Therefore, in order to produce consistent coffee taste with a French Press, when you make a 8-cup coffee pot, you need to empty it at the same time (in your case, probably two mugs). Otherwise, the coffee left in the pot will be over-extracted and/or in the wrong temperature.

I read it somewhere that some organization conduct a study of coffee extraction with espresso (pressure-steam brew), drip, press, and siphon methods. It turns out that the household dripping machine provides the most cost-effective extraction (80+% I think?).

Personally, I have a Bodum press but I only use it to brew tea, never bother it with coffee.

What barneco said is right: to get a better flavor, grind your own bean right before making it, and the bean is as fresh as possible. Make it with correct temperature and drink it at the right temperature as quickly as possible.

PS: the google found me a link to the coffeefaq.com: https://www.thecoffeefaq.com/3brewingtechniques.html about the brewing techniques. This is described in section 3.6.

Some more links:

https://prima-coffee.com/blog/a-beginners-guide-to-immersion-coffee-brewing


----------



## eagle2250 (Mar 24, 2006)

barneco and Searching Best Fit: Thanks to both of you for the excellent suggestions. Clearly the major problem with my coffee brewing experience to date has been me, LOL, but in my own defense, I simply followed the instructions that came with the three presses mentioned. Based on your suggestions, the first item on my 'to buy' list is a good coffee grinder.

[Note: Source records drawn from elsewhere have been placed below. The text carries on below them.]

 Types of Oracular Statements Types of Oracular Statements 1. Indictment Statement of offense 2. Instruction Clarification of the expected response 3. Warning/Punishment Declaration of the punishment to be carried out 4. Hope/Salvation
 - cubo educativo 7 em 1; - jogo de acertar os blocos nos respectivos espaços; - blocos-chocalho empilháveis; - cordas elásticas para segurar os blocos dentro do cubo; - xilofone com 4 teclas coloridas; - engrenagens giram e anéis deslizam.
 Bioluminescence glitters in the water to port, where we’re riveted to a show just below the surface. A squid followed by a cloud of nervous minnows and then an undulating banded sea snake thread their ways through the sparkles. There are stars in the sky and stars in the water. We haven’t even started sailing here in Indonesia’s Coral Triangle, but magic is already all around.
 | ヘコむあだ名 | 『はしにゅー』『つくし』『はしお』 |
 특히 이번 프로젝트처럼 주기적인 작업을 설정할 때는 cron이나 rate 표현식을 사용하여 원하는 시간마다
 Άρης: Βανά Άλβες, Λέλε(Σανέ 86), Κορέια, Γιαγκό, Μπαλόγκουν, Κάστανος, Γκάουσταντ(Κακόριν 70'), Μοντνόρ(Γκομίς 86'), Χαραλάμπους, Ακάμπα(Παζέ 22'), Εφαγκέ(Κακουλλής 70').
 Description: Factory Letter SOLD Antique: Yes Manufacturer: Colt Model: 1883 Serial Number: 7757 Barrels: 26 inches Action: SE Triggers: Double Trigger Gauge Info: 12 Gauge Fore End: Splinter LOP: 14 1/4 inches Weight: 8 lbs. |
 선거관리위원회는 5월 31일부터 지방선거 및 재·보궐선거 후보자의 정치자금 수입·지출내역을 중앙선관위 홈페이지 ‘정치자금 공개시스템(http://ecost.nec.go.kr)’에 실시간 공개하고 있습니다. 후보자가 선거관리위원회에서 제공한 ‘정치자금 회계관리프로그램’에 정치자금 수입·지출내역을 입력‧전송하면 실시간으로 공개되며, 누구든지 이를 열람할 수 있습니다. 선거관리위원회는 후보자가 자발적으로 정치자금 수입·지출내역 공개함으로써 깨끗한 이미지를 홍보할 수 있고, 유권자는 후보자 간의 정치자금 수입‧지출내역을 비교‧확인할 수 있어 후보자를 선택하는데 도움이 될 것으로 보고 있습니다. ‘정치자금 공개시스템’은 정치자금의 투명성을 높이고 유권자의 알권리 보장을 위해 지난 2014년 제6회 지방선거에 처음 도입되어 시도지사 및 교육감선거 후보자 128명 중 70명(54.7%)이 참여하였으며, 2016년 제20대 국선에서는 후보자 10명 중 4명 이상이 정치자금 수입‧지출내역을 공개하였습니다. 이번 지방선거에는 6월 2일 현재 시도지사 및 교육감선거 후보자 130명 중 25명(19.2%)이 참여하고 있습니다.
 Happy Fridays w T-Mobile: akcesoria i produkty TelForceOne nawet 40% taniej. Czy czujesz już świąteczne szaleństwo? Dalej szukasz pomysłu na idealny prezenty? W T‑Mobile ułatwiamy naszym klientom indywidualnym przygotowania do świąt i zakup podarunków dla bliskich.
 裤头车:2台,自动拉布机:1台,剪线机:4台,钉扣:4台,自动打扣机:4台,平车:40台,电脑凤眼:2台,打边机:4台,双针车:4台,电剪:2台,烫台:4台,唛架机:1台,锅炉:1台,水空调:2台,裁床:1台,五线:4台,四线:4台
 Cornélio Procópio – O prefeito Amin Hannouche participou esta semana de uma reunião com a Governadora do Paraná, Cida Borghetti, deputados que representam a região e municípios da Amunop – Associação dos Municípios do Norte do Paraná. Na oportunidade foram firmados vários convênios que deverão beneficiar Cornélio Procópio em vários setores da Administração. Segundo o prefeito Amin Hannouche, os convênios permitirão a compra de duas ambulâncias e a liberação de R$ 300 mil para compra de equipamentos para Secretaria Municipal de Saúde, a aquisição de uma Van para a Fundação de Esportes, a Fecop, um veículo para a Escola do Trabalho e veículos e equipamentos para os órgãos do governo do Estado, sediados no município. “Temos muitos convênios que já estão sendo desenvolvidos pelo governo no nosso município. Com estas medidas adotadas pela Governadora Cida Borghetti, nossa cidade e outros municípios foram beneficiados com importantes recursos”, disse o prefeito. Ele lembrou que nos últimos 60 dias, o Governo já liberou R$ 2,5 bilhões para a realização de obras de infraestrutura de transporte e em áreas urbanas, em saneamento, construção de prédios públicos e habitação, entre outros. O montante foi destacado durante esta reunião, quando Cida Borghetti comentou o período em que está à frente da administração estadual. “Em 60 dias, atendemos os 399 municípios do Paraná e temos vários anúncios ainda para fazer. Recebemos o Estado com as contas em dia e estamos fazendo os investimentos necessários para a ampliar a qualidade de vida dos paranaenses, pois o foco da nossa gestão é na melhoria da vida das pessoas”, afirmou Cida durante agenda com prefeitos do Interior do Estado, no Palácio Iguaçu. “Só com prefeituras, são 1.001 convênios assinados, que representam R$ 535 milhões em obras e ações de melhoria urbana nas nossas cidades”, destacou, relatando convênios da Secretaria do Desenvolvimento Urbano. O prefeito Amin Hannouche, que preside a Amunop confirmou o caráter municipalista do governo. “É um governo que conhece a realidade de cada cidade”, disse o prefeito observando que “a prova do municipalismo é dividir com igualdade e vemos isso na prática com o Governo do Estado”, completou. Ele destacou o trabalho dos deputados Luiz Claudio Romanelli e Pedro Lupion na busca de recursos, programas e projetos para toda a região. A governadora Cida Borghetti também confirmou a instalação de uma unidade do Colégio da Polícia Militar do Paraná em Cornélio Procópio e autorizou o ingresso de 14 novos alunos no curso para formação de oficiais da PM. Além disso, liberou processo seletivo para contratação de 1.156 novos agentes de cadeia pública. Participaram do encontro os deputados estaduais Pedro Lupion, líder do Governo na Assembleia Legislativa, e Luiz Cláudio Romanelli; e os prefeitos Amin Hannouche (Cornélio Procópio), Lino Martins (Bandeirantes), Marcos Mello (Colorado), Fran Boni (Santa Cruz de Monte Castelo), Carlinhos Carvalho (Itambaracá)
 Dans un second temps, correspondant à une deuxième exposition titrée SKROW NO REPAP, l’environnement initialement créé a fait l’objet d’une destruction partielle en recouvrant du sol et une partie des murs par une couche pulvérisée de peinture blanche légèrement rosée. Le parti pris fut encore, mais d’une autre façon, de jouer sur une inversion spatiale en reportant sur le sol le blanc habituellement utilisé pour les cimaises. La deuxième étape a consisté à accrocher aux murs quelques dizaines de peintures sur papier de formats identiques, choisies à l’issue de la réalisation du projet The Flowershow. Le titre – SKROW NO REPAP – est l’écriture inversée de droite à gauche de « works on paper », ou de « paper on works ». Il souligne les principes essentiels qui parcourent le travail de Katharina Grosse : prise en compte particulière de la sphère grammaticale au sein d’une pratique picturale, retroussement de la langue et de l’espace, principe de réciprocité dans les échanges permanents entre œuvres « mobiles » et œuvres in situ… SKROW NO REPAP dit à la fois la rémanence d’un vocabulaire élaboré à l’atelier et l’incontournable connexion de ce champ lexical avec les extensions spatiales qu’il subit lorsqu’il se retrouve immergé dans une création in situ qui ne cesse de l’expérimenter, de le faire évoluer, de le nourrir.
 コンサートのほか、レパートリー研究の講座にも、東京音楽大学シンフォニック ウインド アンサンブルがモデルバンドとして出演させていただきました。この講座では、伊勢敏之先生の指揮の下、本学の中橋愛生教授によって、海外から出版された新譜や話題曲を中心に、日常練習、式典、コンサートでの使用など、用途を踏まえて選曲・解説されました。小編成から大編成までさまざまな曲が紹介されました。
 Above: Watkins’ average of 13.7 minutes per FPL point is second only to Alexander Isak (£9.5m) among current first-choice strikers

As to water temperature, I've simply been heating it in a tea pot to the point of boiling and then pouring it into the carafe with the previously inserted coffee grounds...the water is probably close to 212 degrees, as it is poured in, but I'm sure it cools to some extent throughout the four minutes it is allowed to steep. And yes, as SBF suggested, the second cup I poured from the respective carafes was not only cooler than the first, but also a bit stronger/more bitter brew. In the future I will immediately pour whatever doesn't go into the first cup into an insulated carafe, devoid of coffee grounds! Thank you again for the very informative and helpful suggestions. 

Any additional suggestions are certainly welcome...and probably much needed!


----------



## Searching_Best_Fit (Feb 11, 2015)

^^ Not to worry. Practice makes perfect. Just don't drink too much coffee.


----------



## barneco (Mar 4, 2014)

Searching_Best_Fit said:


> Just don't drink too much coffee.


Is there such a thing?!


----------



## barneco (Mar 4, 2014)

Searching_Best_Fit said:


> ...when you make a 8-cup coffee pot, you need to empty it at the same time (in your case, probably two mugs). Otherwise, the coffee left in the pot will be over-extracted and/or in the wrong temperature.


Excellent point - I do that as well, but neglected to say so.


----------



## SG_67 (Mar 22, 2014)

I use a French press on the weekends. My little treat to myself. 

My tastes wonderful! I grind my beans fresh for each brewing using a burr grinder. I think freshly ground beans will give a better flavor. 

I use a Bodum press as well and don't seem to have the same problem with the coffee cooling.


----------



## mankson (Sep 27, 2012)

I made brief mention in my first reply, and a few others mentioned as well, but I'll repeat here: using grounds from recently roasted coffee is important, and it's better if you grind them yourself. The burr grinder, water temperature, etc., won't matter if you're using old, dried grounds.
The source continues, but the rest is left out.